In [6]:
from __future__ import division, print_function
import numpy as np
import pandas as pd
from sklearn import datasets
from sklearn.model_selection import train_test_split
from random_forest.random_forest_model import RandomForest

from textblob import TextBlob
from nltk.corpus import stopwords
import warnings; warnings.simplefilter('ignore')
import nltk
import string
from nltk import ngrams
from nltk.stem import SnowballStemmer
from sklearn.preprocessing import LabelEncoder

In [7]:
# local path of the data source
testing_data = 'data/testing.csv'
training_data = 'data/training.csv'
validation_data = 'data/validation.csv'

In [8]:
def review_clean(review): 
    # changing to lower case
    lower = review.str.lower()
    # Replacing the repeating pattern of &#039;
    pattern_remove = lower.str.replace("&#039;", "")
    # Removing all the special Characters
    special_remove = pattern_remove.str.replace(r'[^\w\d\s]',' ')
    # Removing all the non ASCII characters
    ascii_remove = special_remove.str.replace(r'[^\x00-\x7F]+',' ')
    # Removing the leading and trailing Whitespaces
    whitespace_remove = ascii_remove.str.replace(r'^\s+|\s+?$','')
    # Replacing multiple Spaces with Single Space
    multiw_remove = whitespace_remove.str.replace(r'\s+',' ')
    # Replacing Two or more dots with one
    dataframe = multiw_remove.str.replace(r'\.{2,}', ' ')
    return dataframe

In [9]:
def sentiment(review):
    # Sentiment polarity of the reviews
    pol = []
    for i in review:
        analysis = TextBlob(i)
        pol.append(analysis.sentiment.polarity)
    return pol

### train data 

In [10]:
# three data given by the COMP5434 project
train = pd.read_csv(training_data)
validation = pd.read_csv(validation_data)
test = pd.read_csv(training_data)

data = pd.concat([train, validation])
data['review_clean'] = review_clean(data['reviewComment'])
# Removing the stopwords
stop_words = set(stopwords.words('english'))
data['review_clean'] = data['review_clean'].apply(lambda x: ' '.join(word for word in x.split() if word not in stop_words))
# Removing the word stems using the Snowball Stemmer
Snow_ball = SnowballStemmer("english")
data['review_clean'] = data['review_clean'].apply(lambda x: " ".join(Snow_ball.stem(word) for word in x.split()))

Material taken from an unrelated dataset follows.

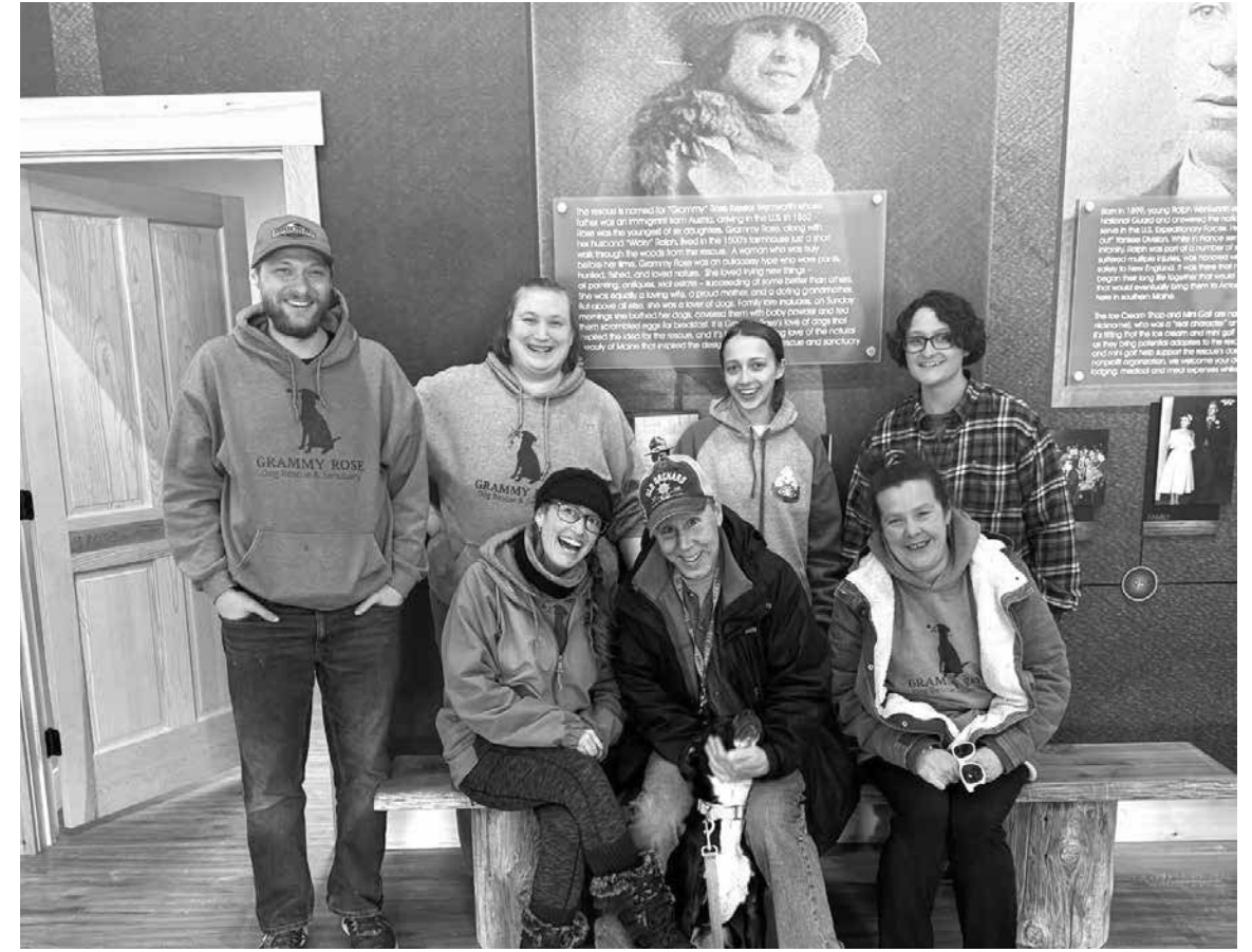
Grammy Rose Dog Rescue and Sanctuary on Route 109 in Acton recently celebrated their 1,000th adoption when Rita went home. Grammy Rose has an on-campus ice cream shop and mini golf course that help fund their work. For more info visit www.grammyrose.org.

data['sentiment'] = sentiment(data['reviewComment'])
data['sentiment_clean'] = sentiment(data['review_clean'])
# Cleaning the reviews without removing the stop words and using snowball stemmer
data['review_clean_ss'] = review_clean(data['reviewComment'])
data['sentiment_clean_ss'] = sentiment(data['review_clean_ss'])
data = data.dropna(how="any", axis=0)
#Word count in each review
data['count_word']=data["review_clean_ss"].apply(lambda x: len(str(x).split()))
#Unique word count 
data['count_unique_word']=data["review_clean_ss"].apply(lambda x: len(set(str(x).split())))
#Letter count
data['count_letters']=data["review_clean_ss"].apply(lambda x: len(str(x)))
#punctuation count
data["count_punctuations"] = data["reviewComment"].apply(lambda x: len([c for c in str(x) if c in string.punctuation]))
#upper case words count
data["count_words_upper"] = data["reviewComment"].apply(lambda x: len([w for w in str(x).split() if w.isupper()]))
#title case words count
data["count_words_title"] = data["reviewComment"].apply(lambda x: len([w for w in str(x).split() if w.istitle()]))
#Number of stopwords
data["count_stopwords"] = data["reviewComment"].apply(lambda x: len([w for w in str(x).lower().split() if w in stop_words]))
#Average length of the words
data["mean_word_len"] = data["review_clean_ss"].apply(lambda x: np.mean([len(w) for w in str(x).split()]))
# Label Encoding Drugname and Conditions
label_encoder_feat = {}
for feature in ['drugName', 'condition']:
    label_encoder_feat[feature] = LabelEncoder()
    data[feature] = label_encoder_feat[feature].fit_transform(data[feature])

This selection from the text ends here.